Then, in step S140, the coordinate transformation unit is applied to the first ROI information, and the second ROI information about the subject at the second time point is calculated. More specifically, for example, by applying the calculated coordinate conversion means to the already acquired first ROI information (FIG. 4 (c)), second ROI information for the subject at the second time point (Fig. 4 (f)). Here, the second ROI information is information indicating a shape of a region of interest (ROI) of the subject at the second time point.

Further, in the method of setting a region of interest according to an embodiment of the present invention, a step of recommending a region of interest for the subject to the user of the region-of-interest setting system using the first region of interest information calculated at the first time point . Accordingly, the user can easily set a region of interest for the subject through a process of accepting or modifying the recommended region of interest. Then, by passing through the series of steps using the first ROI information that has been accepted or modified, it is possible to more conveniently calculate the second ROI information at the second time point for the subject, The efficiency of operation can be improved.

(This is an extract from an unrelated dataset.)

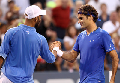 Надаль был вообще повержен в двух партиях, ну а с Давыденко хоть и пришлось помучиться, но россиянина Блейк таки одолел. Никаких шансов Джеймс не оставил и Давиду Налбандяну в полуфинале. Кто-то сомневался, что в финале Блейк встретился с Федерером, который уже в третий раз за год вставил не палки, а настоящие бревна в колеса американца? Снова уверенная победа швейцарца, снова с "баранкой", на этот раз в решающем сете и снова до исторического результата, лучшего в карьере, Джеймс не смог сделать лишь один шаг.

Further, in the method of setting a region of interest according to an embodiment of the present invention, performing a tomography for a second region of interest of the subject at the second time point using the calculated second region of interest information . More specifically, FIG. 5 shows a tomographic image (FIG. 5 (b)) for the region of interest calculated through tomography for the subject (FIG. 5 (a)).

As shown in FIG. 6, when the position of the subject is changed even if the shape of the subject is the same, it is possible to set the region of interest The shape of the X-ray beam to be irradiated on the specimen is changed, and the region of interest information on the inspected object also changes. In this case as well, by applying the ROI setting method according to an embodiment of the present invention, it is possible to calculate the second ROI information about the subject at the second time point.

More specifically, for example, FIG. 6A shows the position of the subject (and the region of interest) at the first time point, and FIG. 6B shows the position of the subject (and the region of interest) The first surface shape information for the inspected object collected at the first viewpoint may be converted into the second viewpoint information for the inspected object at the second viewpoint by comparing the second surface shape information with respect to the inspected object at the second viewpoint, Calculating a matrix and applying the calculated coordinate transformation matrix to the first region of interest information on the subject at the first time point to obtain the first region of interest information about the subject at the second time point, 2 region of interest can be calculated.

Furthermore, the ROI setting method according to an embodiment of the present invention can also be applied to a case where the shape and position of the subject are simultaneously changed.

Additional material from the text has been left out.